* What this task involves: The reply should consist solely of the lines from the one that holds "이제 빙이나 플러그인 없이도 최신 정보를 조회해 주는군요." through the last line of the material, reproduced exactly; no pictures belong in it.

* Provided material:
* * *

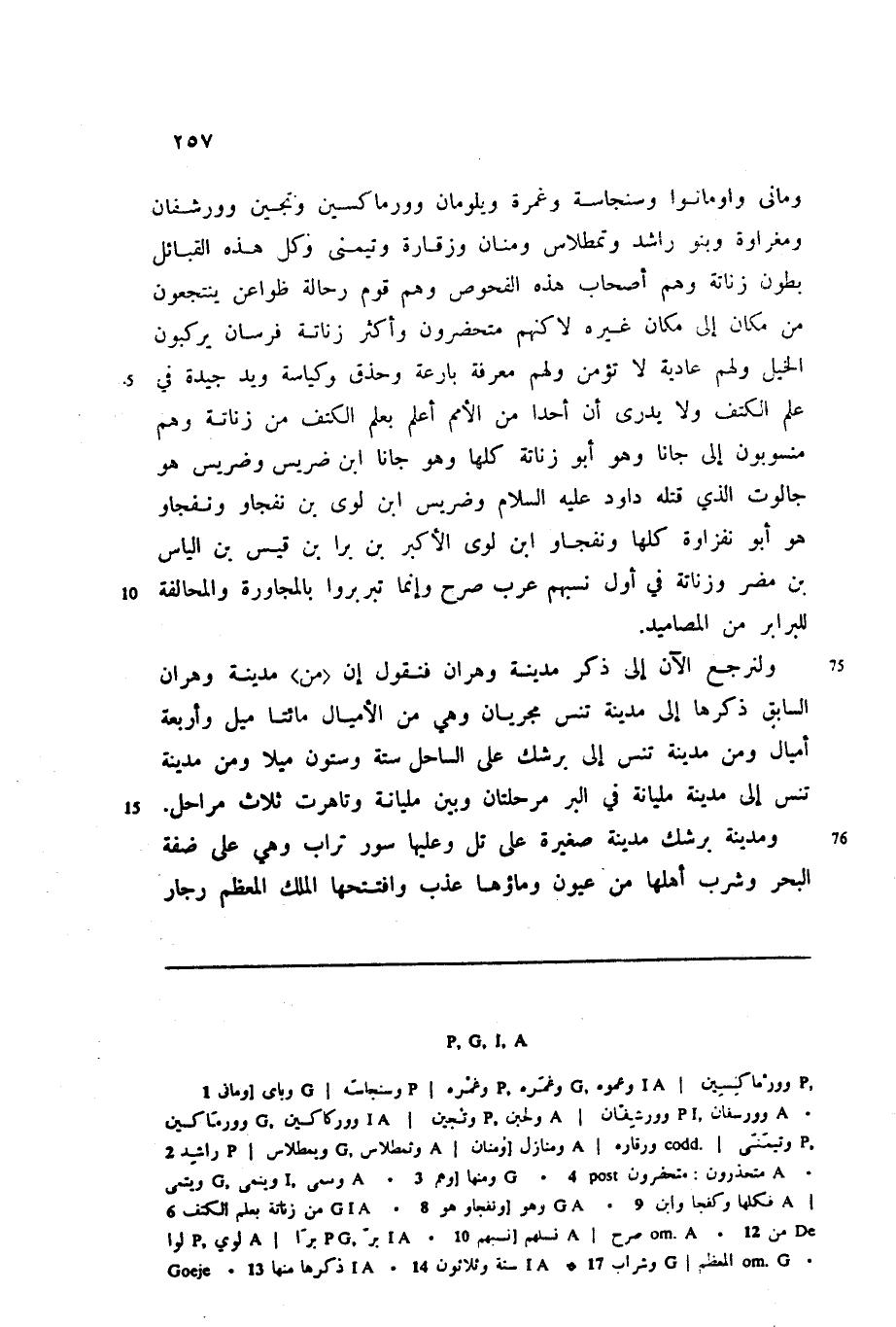 ومانى واومانوا وسنجاسة وغمرة ويلومان وورماكسين وتجين وورشفان ومغراوة وبنو راشد وتمطلاس ومنان وزقارة وتيمنى وكل هذه القبائل بطون زناتة وهم أصحاب هذه الفحوص وهم قوم رحالة ظواعن ينتجعون من مكان إلى مكان غيره لاكنهم متحضرون وأكثر زناتة فرسان يركبون الخيل ولهم عادية لا تؤمن ولهم معرفة بارعة وحذق وكياسة ويد جيدة في علم الكتف ولا يدرى أن أحدا من الأمم أعلم بعلم الكتف من زناتة وهم منسوبون إلى جانا وهو أبو زناتة كلها وهو جانا ابن ضريس وضريس هو جالوت الذي قتله داود عليه السلام وضريس ابن لوى بن نفجاو ونفجاو هو أبو نفزاوة كلها ونفجاو ابن لوى الأكبر بن برا بن قيس بن الياس بن مضر وزناتة في أول نسبهم عرب صرح وإنما تبربروا بالمجاورة والمحالفة للبرابر من المصاميد.
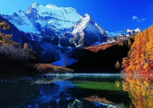gaze at the snow-white peaks of the three sacred mountains in the distance,
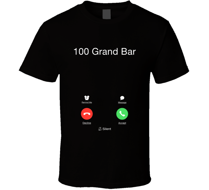 Order your very own 100 Grand Bar Is Calling Funny Smart Phone Cell Food Booze Fan T Shirt. It won’t be around forever so buy yours here today! Shop our huge selection of high quality, graphic apparel. Each design is offered on a variety of sizes and styles including; t shirts, hoodies, aprons and even baby one-pieces! This product is pre-treated to ensure quality and longevity of the graphic.
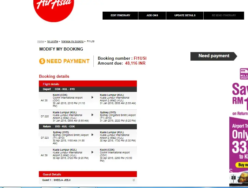 Later, I wanted to modify my booking, to add baggage and meals. When I logged into AirAsia portal yesterday (26JAN2018) to do this, I surprised (or even shocked) to see that my booking status shows "NEED PAYMENT". Immediately I contacted your live chat team. To my utter frustration, they are saying the payment rejected due to some authentication failure and they will refund within 14 to 30 days. They don't have any details why this happened. Then I called customer support. The response was not different! I need to do another payment either at airport check-in counter or through online!
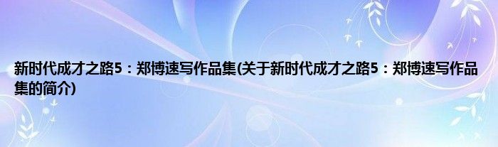 本文关于新时代成才之路5:郑博速写作品集的简介就讲解完毕,希望对大家有所帮助。
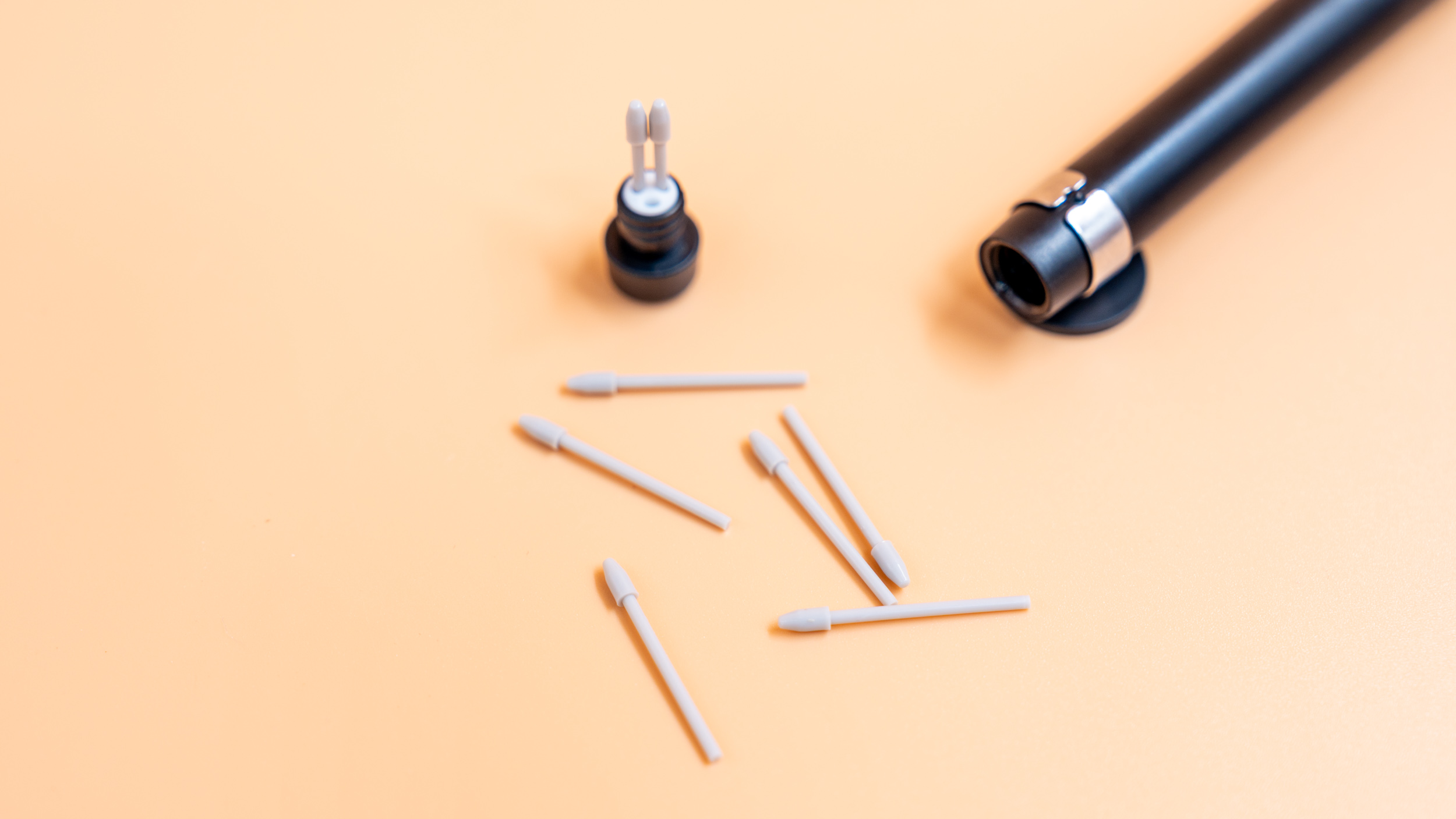 Съемный колпачок стилуса скрывает отсек с тремя запасными наконечниками, а серебряное кольцо на заднем торце служит удобным инструментом для их замены.
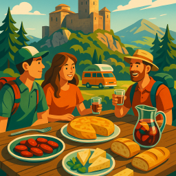 * Peter can now enjoy the dinner with his friends at loarre camping castle!
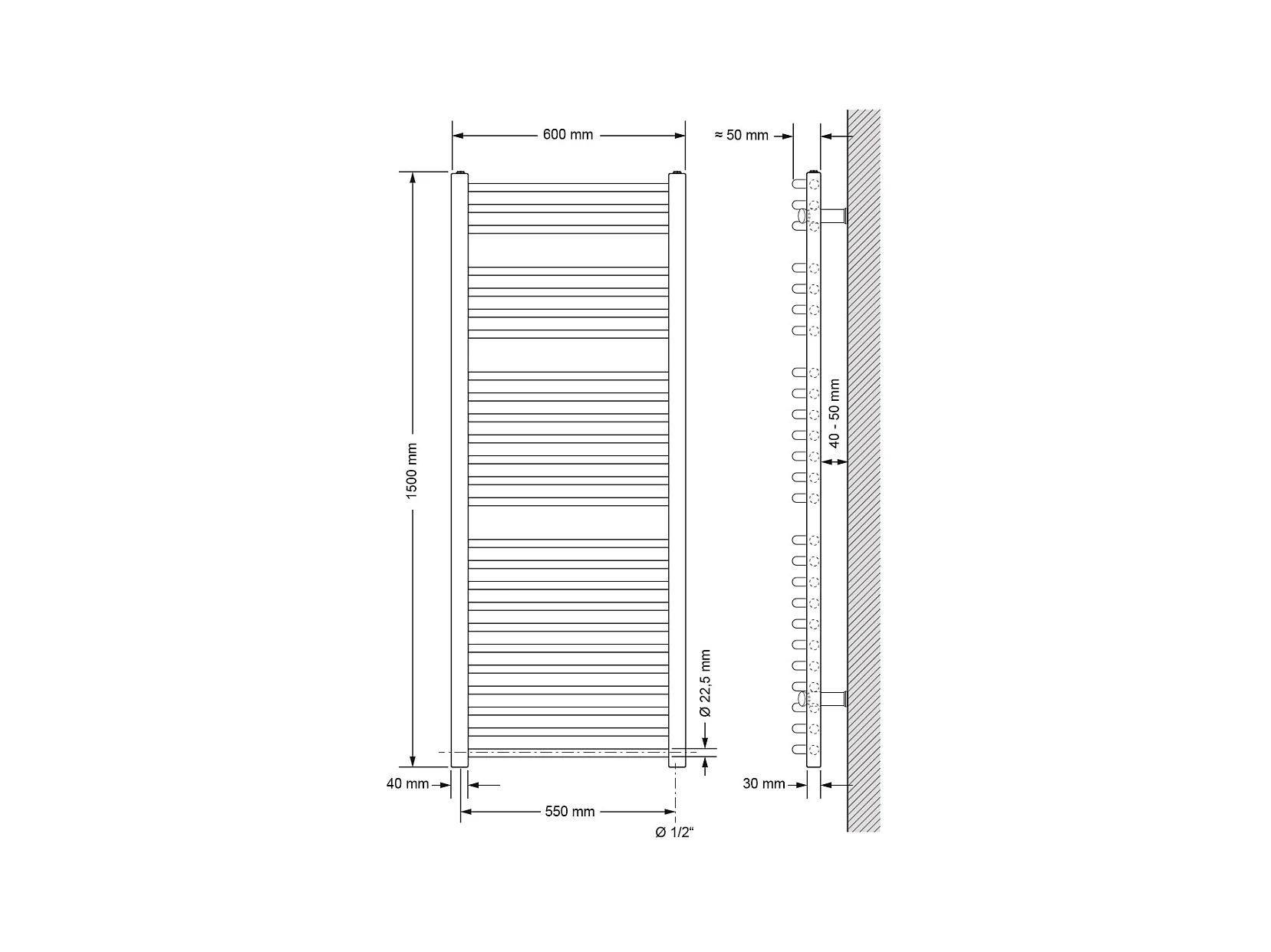 Radiatore da bagno Sahara dritto bianco attacco laterale calorifero 40x150 cm
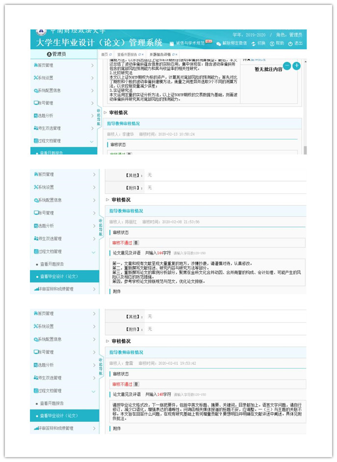 学校要求不受疫情影响、通过网络方式按原计划开展的毕业论文指导也正按部就班、平稳有序地进行着。学生认真开展开题报告提交、论文初稿撰写等,指导教师及时进行指导与批阅。对师生使用论文系统中遇到的问题,各学院、教务部和系统开发客服工作人员通过QQ群、微信等多种方式及时进行答疑。目前使用大学生论文管理系统的学院,论文开题报告完成率达98%,已有521名学生提交了论文初稿。
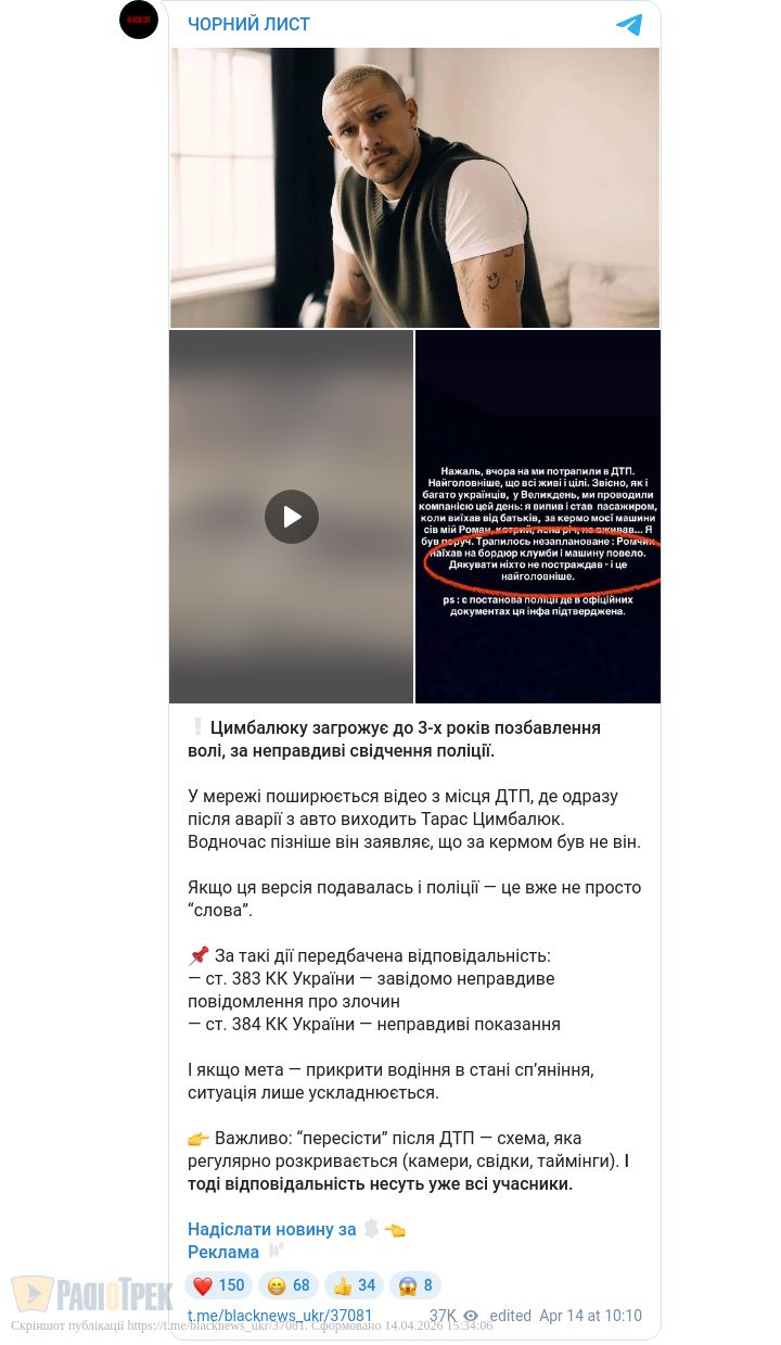 Втім, сьогодні з’явилися й відео з камер спостереження, де, за словами користувачів, видно, що Тарас Цимбалюк перебував на водійському сидінні та виходив з авто.
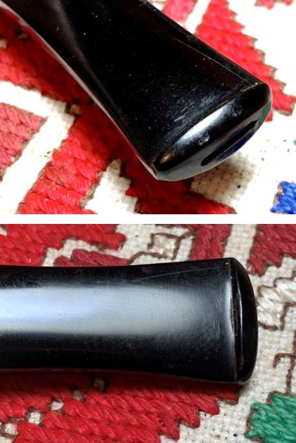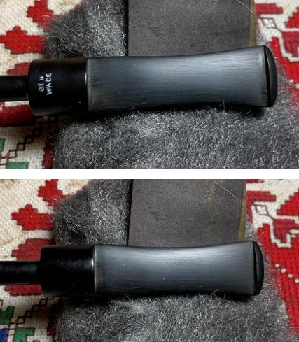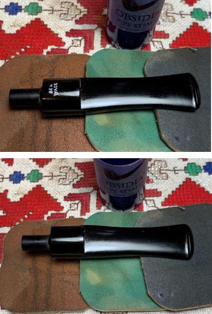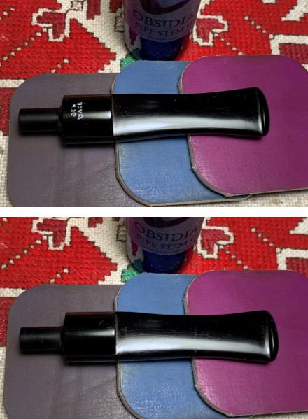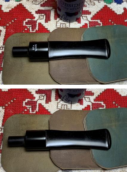 Finally, the entire stem is sanded/polished with pads 6000 to 12000. Between each set of 3 pads, Obsidian Oil is applied to help condition the vulcanite stem and to guard against oxidation in the future. The stem looks great.
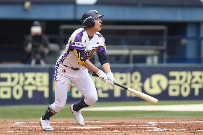 올해 벌써 2개다. 심지어 모두 잠실이다. 시즌 1호 홈런은 지난 19일 KIA전서 나왔다. 1회말 아담 올러의 시속 150㎞ 속구를 타격해 담장을 넘겼다. 많은 홈런을 날리는 선수가 아님에도 올해 모든 홈런을 외야 거리가 먼 잠실에서 적었다. 이 감독이 놀란 이유다.
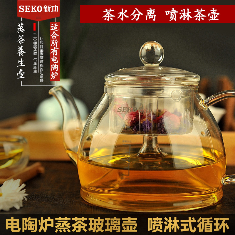 新功电陶炉家用蒸汽醒茶泡茶高硼硅玻璃煮茶器喷淋式普洱茶壶734
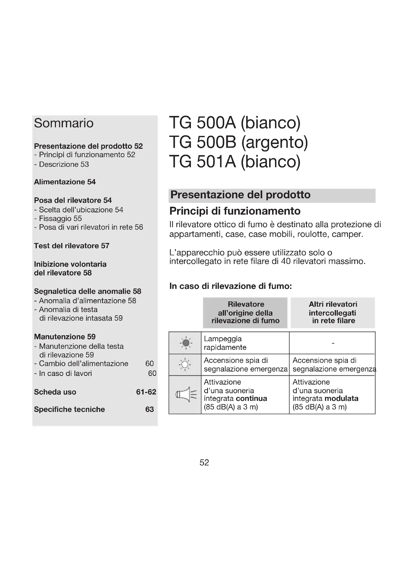 Sommario Presentazione del prodotto 52 - Principi di funzionamento 52 - Descrizione 53 Alimentazione 54 Posa del rilevatore 54 - Scelta dell’ubicazione 54 - Fissaggio 55 - Posa di vari rilevatori in rete 56 Test del rilevatore 57 Inibizione volontaria del rilevatore 58 Segnaletica delle anomalie 58 - Anomalia d’alimentazione 58 - Anomalia di testa di rilevazione intasata 59 Manutenzione 59 - Manutenzione della testa di rilevazione 59 - Cambio dell’alimentazione 60 - In caso di lavori 60 Scheda uso 61-62 Specifiche tecniche 63 TG 500A (bianco) TG 500B (argento) TG 501A (bianco) Principi di funzionamento Il rilevatore ottico di fumo è destinato alla protezione di appartamenti, case, case mobili, roulotte, camper. L’apparecchio può essere utilizzato solo o intercollegato in rete filare di 40 rilevatori massimo. In caso di rilevazione di fumo: Presentazione del prodotto53 Morsettiera di connessione Connettore batteria
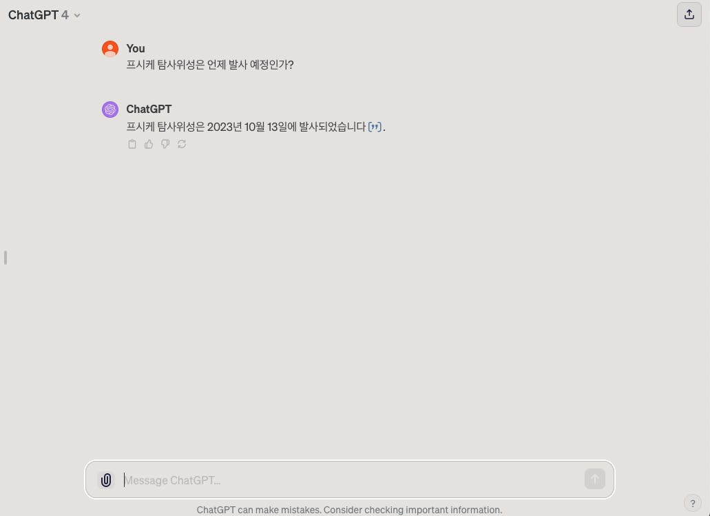 이제 빙이나 플러그인 없이도 최신 정보를 조회해 주는군요.
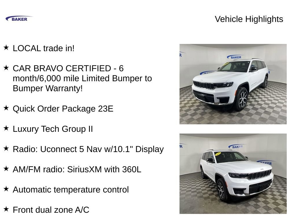 Bright White Clearcoat 2024 Jeep Grand Cherokee L Limited 4WD 8-Speed Automatic 3.6L V6 24V VVT LOCAL trade in!, CAR BRAVO CERTIFIED - 6 month/6,000 mile Limited Bumper to Bumper Warranty!, Grand Cherokee L Limited, 3.6L V6 24V VVT, 8-Speed Automatic, 4WD, Bright White Clearcoat, 2nd Row Manual Window Shades, AM/FM radio: SiriusXM with 360L, Auto-Dimming Exterior Driver Mirror, Automatic temperature control, Dual-Pane Panoramic Sunroof, Front dual zone A/C, Heated front seats, Heated rear seats, Integrated Off-Road Camera, Interior Rear Facing Camera, Intersection Collision Assist System, Luxury Tech Group II, Memory seat, ParkSense Front/Rear Park Assist w/Stop, ParkView Rear Back-Up Camera, Passive Entry - Front/Rear Doors, Liftgate, Power driver seat, Power Liftgate, Power passenger seat, Quick Order Package 23E, Radio: Uconnect 5 Nav w/10.1 Display, Rain Sensitive Windshield Wipers, Rear Back Up Camera Washer, Rearview Autodim Digital Display Mirror, Surround View Camera System, Ventilated Front Seats, Wheels: 18 x 8.0 Polished/Painted Aluminum, Wireless Charging Pad.

* * *

* Solution:
 이제 빙이나 플러그인 없이도 최신 정보를 조회해 주는군요.
 Bright White Clearcoat 2024 Jeep Grand Cherokee L Limited 4WD 8-Speed Automatic 3.6L V6 24V VVT LOCAL trade in!, CAR BRAVO CERTIFIED - 6 month/6,000 mile Limited Bumper to Bumper Warranty!, Grand Cherokee L Limited, 3.6L V6 24V VVT, 8-Speed Automatic, 4WD, Bright White Clearcoat, 2nd Row Manual Window Shades, AM/FM radio: SiriusXM with 360L, Auto-Dimming Exterior Driver Mirror, Automatic temperature control, Dual-Pane Panoramic Sunroof, Front dual zone A/C, Heated front seats, Heated rear seats, Integrated Off-Road Camera, Interior Rear Facing Camera, Intersection Collision Assist System, Luxury Tech Group II, Memory seat, ParkSense Front/Rear Park Assist w/Stop, ParkView Rear Back-Up Camera, Passive Entry - Front/Rear Doors, Liftgate, Power driver seat, Power Liftgate, Power passenger seat, Quick Order Package 23E, Radio: Uconnect 5 Nav w/10.1 Display, Rain Sensitive Windshield Wipers, Rear Back Up Camera Washer, Rearview Autodim Digital Display Mirror, Surround View Camera System, Ventilated Front Seats, Wheels: 18 x 8.0 Polished/Painted Aluminum, Wireless Charging Pad.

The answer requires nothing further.